When Jonathan Knegtel co-founded Blockdata, his goal was to make the world of blockchain easier to understand for companies wanting to take the plunge.
As the company grew, Knegtel identified a solid match to potentially invest in Blockdata — or even buy it outright.
One well-worded email to Anand Sanwal at CB Insights changed the trajectory of his entrepreneurial career in a matter of months.
Demystifying blockchain’s tech
Jonathan Knegtel discovered the world of Bitcoin in 2012. He wasn’t someone who got rich quick in those manic early days of the technology, but he did gain a fascination about the transactional data inherent in blockchain’s development.
He worked at a variety of startups, with all his roles focused on data. In 2018 he struck out on his own, co-founding and serving as CEO for Blockdata with Bob van Ratingen (CTO), Niels Lucker (CMO) and Lucas Schewiger (CDO).
The database software company makes the world of blockchain easier to understand and analyze for companies and governments trying to decide which projects to pursue in the blockchain flow of so-called distributed ledgers.
Knegtel saw a big opportunity to track the blockchain ecosystem and increase awareness around adoption of the technology, he said on the Wharton Fintech Podcast in fall of 2020. “If [people] can’t actually surface the data and surface what’s going on, it’s going to be impossible for them to actually make decisions,” he explained.
Blockdata raised about $500,000 through angel investments in 2018 and 2019.
Over the course of two years, the team collected and verified data for more than 3,000 projects in the distributed ledger technology (DLT) ecosystem, and built a classification structure for the industry because one didn’t exist yet.
The art of the cold email
Blockdata’s early progress was impressive on its own. But Knegtel’s clear and concise email to Anand Sanwal in summer 2020 led to something even bigger. Sanwal, co-founder and CEO of CB Insights, was open to adding to his company’s offerings but hadn’t heard of Blockdata.
CB Insights is a platform that synthesizes and analyzes tech markets for clients, including large companies and governments. Before learning about Knegtel and Blockdata, Sanwal and his team knew that blockchain was more than just cryptocurrency, and recognized their clients would need more in-depth insights to decide which uses were worth pursuing.
Sanwal didn’t know a blockchain dataset like Blockdata’s existed until that email, he said in an interview with Your Story. “And then it appeared, and it was a great fit. We’re very open to possibilities and think about what could go right when we see a company,” he said.
“It really was as simple as sending an email,” Knegtel recalled on the Wharton Fintech Podcast. In his initial message to Sanwal, he explained what Blockdata was working on, indicated they were interested in partnership opportunities, and thought CB Insights might be a good match.
But Knegtel’s email subject line deserves most of the credit. It read: “Blockchain industry dataset + team – Potential acquisition opportunity?”
Sanwal was used to getting emails from people interested in working together. But they often used “partnering” too vaguely for him to know what they were really after: an acquisition, or some other sort of collaboration.
“What he did was atypical and that actually just made it so we could jump into the fray really quickly,” Sanwal said on the Wharton Fintech Podcast.

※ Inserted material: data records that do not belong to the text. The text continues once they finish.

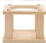
木製花瓶台 小 サイズ：W14×D14×H10 up10cm

金彩雲海 投入【2個】 (約 高 30 cm 直径 12cm) 会員価格 (消費税込) 13,000 円 消費税 1,182 円 一般価格 16,000 円
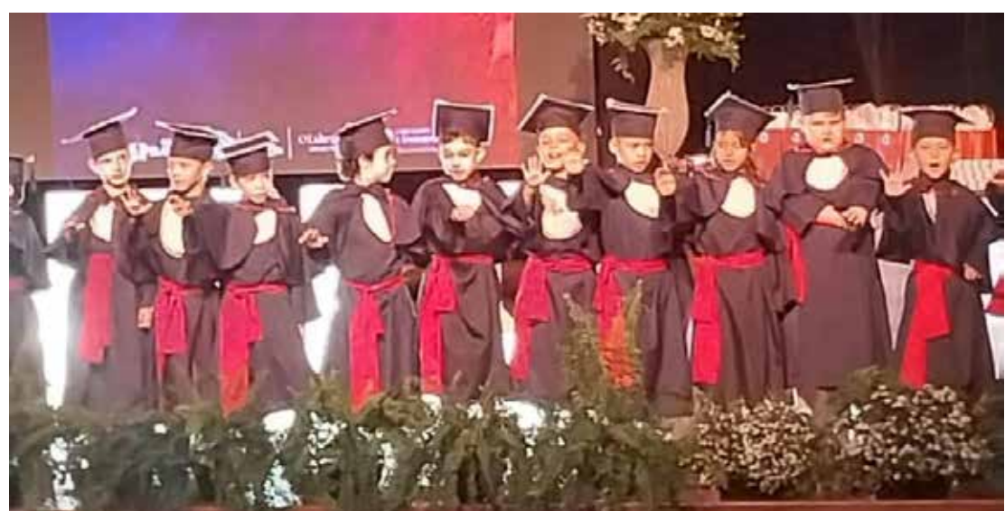
A turminha do Jardim 2 - Formandos
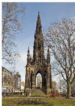
Scotts Monument Edinburgh
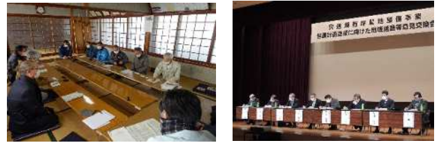
昨年度、現場で意見交換等を行った様子(島根県出雲市)

Sanwal identified three factors that made Blockdata an attractive prospect: a depth of data regarding a unique ecosystem, a product that was tailor-made for that ecosystem, and a team that knew the space really well and deeply cared about the area of technology they specialized in.
The clarity of the match helped CB Insights’ plan to acquire Blockdata move quickly, despite constraints due to the Covid-19 pandemic. Conversations about the deal took place completely virtually.
Discussing a potential deal over video calls can make it hard to “feel someone out,” Knegtel said. But having “brutal honesty” between the two parties made it work. The two companies signed all the necessary paperwork over Zoom.
In September 2020, less than three months after Knegtel’s email to Sanwal, the sale was complete.
The terms of the sale have not been disclosed. Knegtel declined an interview request for this story.
Blockdata remained a standalone product with its own team of five, according to Coindesk, for which CB Insights opened an Amsterdam office. Knegtel stayed as CEO of Blockdata until June 2023, when he left the company.
Knegtel’s next step isn’t public just yet, but his new project, according to his LinkedIn profile, is in stealth mode.